Сегодня описано много разновидностей ганглиозных клеток[251], но в 1950?е годы Штефан Куффлер изучал две ключевые: клетки с on-центром и с off-центром. Первые максимально активны тогда, когда экспериментальному животному показывают небольшое светлое пятно на темном фоне, вторые, наоборот, когда ему показывают небольшое темное пятно на светлом фоне. Если экран равномерно освещен или затемнен, то ни тем ни другим это неинтересно.

Ганглиозные клетки в центральном поле зрения используют причудливо выплетенную нейронную сеть, чтобы сравнивать освещенность своей собственной колбочки и ее соседей. Я опишу вам этот механизм, потому что он классный. Но запутанный.

Представьте себе три клетки-колбочки, расположенные по соседству. Одна из них, центральная, получает поток света. Остальные две, по краям от нее, света не получают. Это потому, что мы показываем животному светлую точку на черном фоне.

А надо сказать, что фоторецепторы – довольно странные ребята. Они активны и выделяют нейромедиатор именно тогда, когда находятся в темноте, а когда они освещены, то их активность, наоборот, падает. Соответственно, в нашей ситуации две колбочки по краям посылают сигналы, а центральная колбочка молчит.

К центральной колбочке подсоединено передаточное звено: биполярная клетка. В данном случае она оснащена таким набором мембранных рецепторов, чтобы возбуждаться именно тогда, когда вверенная ей колбочка освещена и не выделяет нейромедиатор.

Но колбочка пока недостаточно молчит. От самого по себе упавшего на нее луча света ее активность снизилась, но не пропала. Соответственно, биполярная клетка передает сигнал дальше, но очень слабо и неуверенно. Чтобы биполярная клетка достаточно сильно возбудилась и начала интенсивно воздействовать на следующее звено, ганглиозную клетку с on-центром, должны соблюдаться два условия: во?первых, чтобы центральная клетка была освещена. Во-вторых, чтобы соседние с ней клетки-колбочки освещены не были.

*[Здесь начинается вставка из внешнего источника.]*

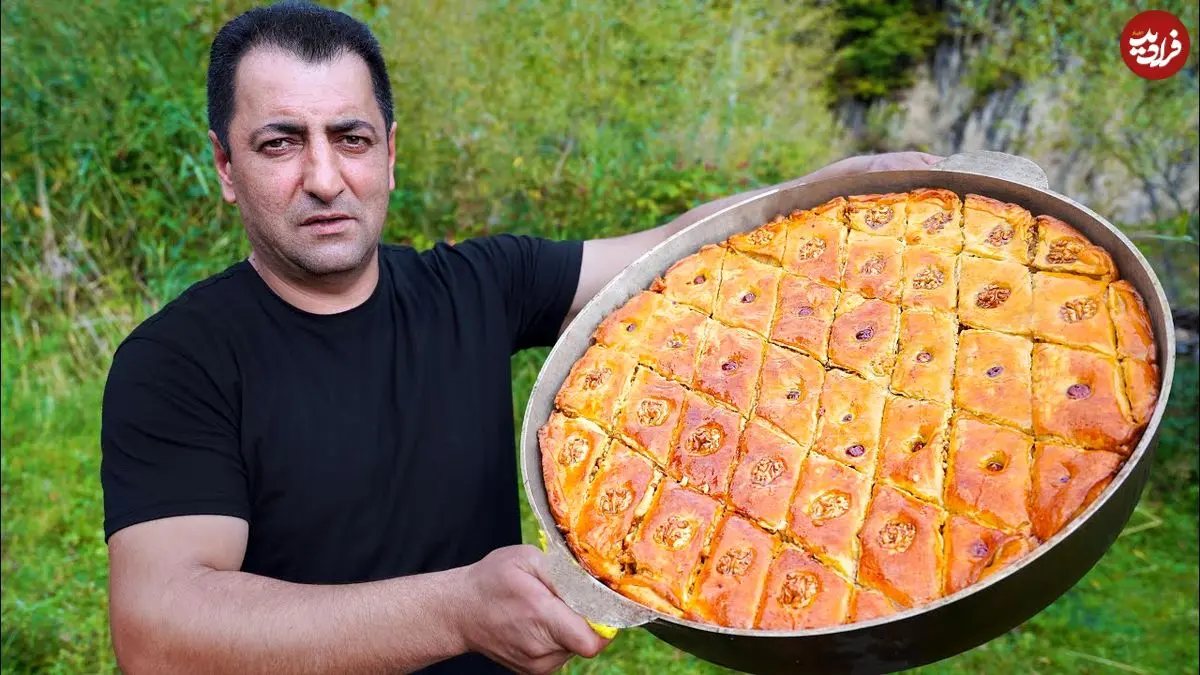 این ویدئو یک آشپز مشهور ساکن یکی از روستاهای آذربایجان را می بینید که با گردوهای تازه، یک باقلوای خوشمزه درست می کند.

Второе условие контролируется с помощью еще одного нейрона: горизонтальной клетки. Она соединена со всеми тремя колбочками. А у нее такое свойство, что она реагирует на активность колбочек и, если они расшумелись, отправляет им подавляющие сигналы.

В ситуации, когда светлое пятно большое и все три колбочки неактивны, горизонтальная клетка с ними ничего не делает, потому что они и так не шумят. А вот в интересующей нас ситуации, когда одна колбочка уже малоактивна, а остальные две как раз выделяют много нейромедиатора, потому что не освещены, горизонтальная клетка реагирует на это – и подавляет работу всех трех.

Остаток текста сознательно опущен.